Die Energie stammt zu 100 Prozent aus Wasserkraft. Konrad freue sich, dass man hier mit erdgas schwaben eng zusammenarbeiten könne. Die Elektromobilität ist für das Energieteam Altusried, das sich für die Ladesäule starkgemacht hat, ein weiterer Baustein in dem Bemühen, beim Klimaschutz und der Energieeffizienz voranzukommen.

Von der ersten Kontaktaufnahme mit erdgas schwaben bis zur Vertragsunterzeichnung und der nun erfolgten Eröffnung vergingen nur wenige Monate. „Schön, dass wir einen Schritt mehr in Richtung Klimaschutz gehen können“, so der Bürgermeister an diesem Sonntagmorgen.

Mit seinem Kommen zur Inbetriebnahme der Ladesäule, so Landrat Anton Klotz, bringe er zum Ausdruck, dass diese Entwicklung für ihn enorm wichtig ist. Es sei ihm klar, man befindet sich mitten im Klimawandel, das mache eine Strom-, genauso wie eine Verkehrswende, unumgänglich.
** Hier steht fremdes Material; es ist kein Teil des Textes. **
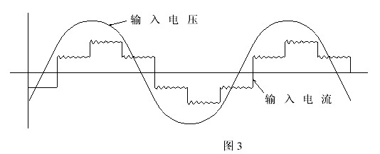 由于晶閘管是一個非線性的電氣元器件,所以由晶閘管組成的中頻感應電源對于外部輸入電源是一個非線性的負載。也就是在一個周期性的正弦電壓輸入時,它的阻抗是變化的,電流不是正弦波形,見圖3。在電流突變時在正弦電壓波形上有短時尖峰。

Die Elektromobilität hält er für den richtigen Weg. Er freue sich, dass Altusried dies mit so viel Elan angehe. Im Oberallgäu ganz allgemein stecke man in diesem Sektor noch in den Kinderschuhen, betonte er. Zu den bereits bestehenden 17 Ladestellen werden in Kürze weitere 15 dazukommen. Es genüge im Übrigen nicht, nur Atomkraftwerke abzuschalten, denn Kohlekraft sei unter dem Strich mindestens so schädlich wie Kernkraft, ergänzte Klotz in diesem Zusammenhang. „Wir brauchen für eine Elektromobilität dringend echte regenerative Energien, wie die Photovoltaik- bzw. Wasserkraft“, präzisierte er seine Überzeugung.

„Diese Ladesäule ist die erste im Landkreis Oberallgäu, die erdgas schwaben errichtet hat“, so Helmut Kaumeier. In diesem Jahr habe erdgas schwaben bereits zehn Ladesäulen in Betrieb genommen, weitere 20 sollen demnächst folgen. Das Unternehmen engagiere sich bereits seit zehn Jahren auf dem Markt der erneuerbaren Energien. 2017 hat das Unternehmen einige Wasserkraftwerke erworben, aus denen Ladesäulen, wie hier in Altusried, mit Strom gespeist werden.

Mit Elektrizität aus erneuerbaren Quellen schone man Klima und Umwelt. erdgas schwaben leiste damit einen wichtigen Beitrag zur Energiewende, so Helmut Kaumeier abschließend. Er freue sich, wenn die Ladestation von der Bevölkerung angenommen wird.